Input data section start
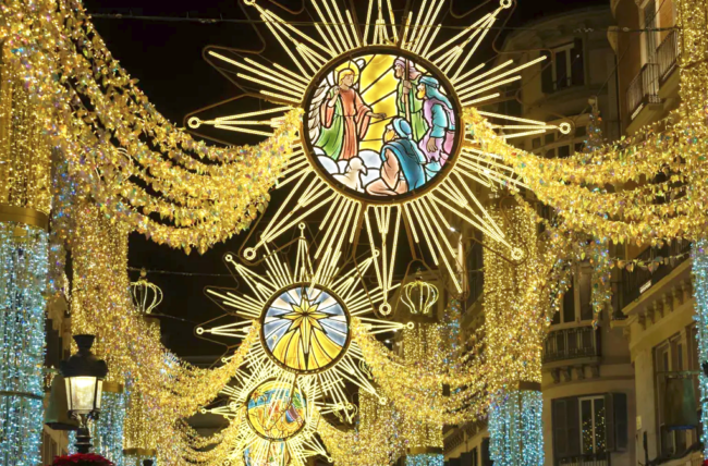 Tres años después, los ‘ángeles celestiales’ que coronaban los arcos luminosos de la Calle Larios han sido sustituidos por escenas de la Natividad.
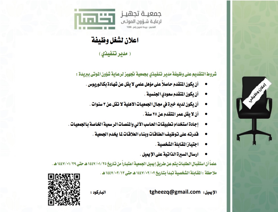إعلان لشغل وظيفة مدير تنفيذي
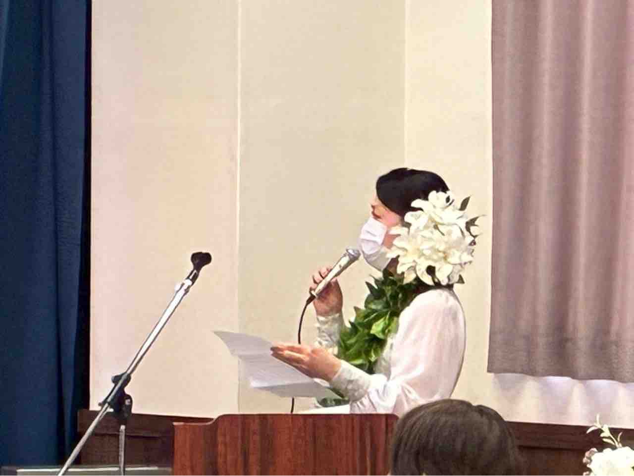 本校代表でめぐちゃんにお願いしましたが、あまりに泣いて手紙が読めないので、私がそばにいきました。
Input data section end
Input data section start
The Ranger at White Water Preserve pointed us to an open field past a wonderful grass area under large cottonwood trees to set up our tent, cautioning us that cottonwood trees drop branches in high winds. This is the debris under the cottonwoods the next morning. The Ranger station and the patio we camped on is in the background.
Input data section end
▶ Requirement:
Out of the records above, return only the lines from the one with "Tres años después, los" through the one with "本校代表でめぐちゃんにお願い", exactly, and none of the pictures.

▶ Task response:
 Tres años después, los ‘ángeles celestiales’ que coronaban los arcos luminosos de la Calle Larios han sido sustituidos por escenas de la Natividad.
إعلان لشغل وظيفة مدير تنفيذي
 本校代表でめぐちゃんにお願いしましたが、あまりに泣いて手紙が読めないので、私がそばにいきました。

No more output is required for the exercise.